Cryo-electron tomography (cryo-ET) provides a promising approach to study intact structures of macromolecules in situ, but the efficient preparation of high-quality cryosections represents a bottleneck. Although cryo-focused ion beam (cryo-FIB) milling has emerged for large and flat cryo-lamella preparation, its application to tissue specimens remains challenging. Here, we report an integrated workflow, VHUT-cryo-FIB, for efficiently preparing frozen hydrated tissue lamella that can be readily used in subsequent cryo-ET studies. The workflow includes vibratome slicing, high-pressure freezing, ultramicrotome cryo-trimming and cryo-FIB milling. Two strategies were developed for loading cryo-lamella via a side-entry cryo-holder or an FEI AutoGrid. The workflow was validated by using various tissue specimens, including rat skeletal muscle, rat liver and spinach leaf specimens, and in situ structures of ribosomes were obtained at nanometer resolution from the spinach and liver samples.
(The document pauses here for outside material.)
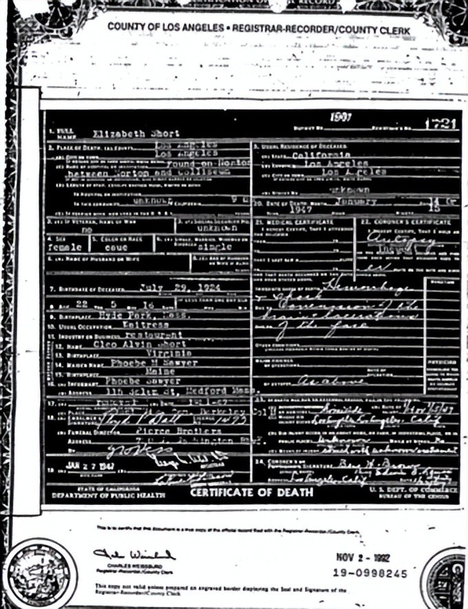 伊莉莎白・萧特(Elizabeth Short)的死亡证明书

冷冻电子断层扫描 (cryo-ET) 为原位研究大分子的完整结构提供了一种有前途的方法，但高质量冷冻切片的有效制备是一个瓶颈。尽管冷冻聚焦离子束 (cryo-FIB) 铣削已用于大而扁平的冷冻薄片制备，但其在组织标本中的应用仍然具有挑战性。在这里，我们报告了一个集成的工作流程，VHUT-cryo-FIB，用于有效地制备冷冻水合组织薄片，可以很容易地用于后续的冷冻 ET 研究。工作流程包括振动切片、高压冷冻、超薄切片机冷冻修整和冷冻-FIB 铣削。开发了两种通过侧入式低温支架或 FEI AutoGrid 装载低温薄片的策略。通过使用各种组织标本（包括大鼠骨骼肌、大鼠肝脏和菠菜叶标本）和原位验证了工作流程从菠菜和肝脏样本中以纳米分辨率获得核糖体的结构。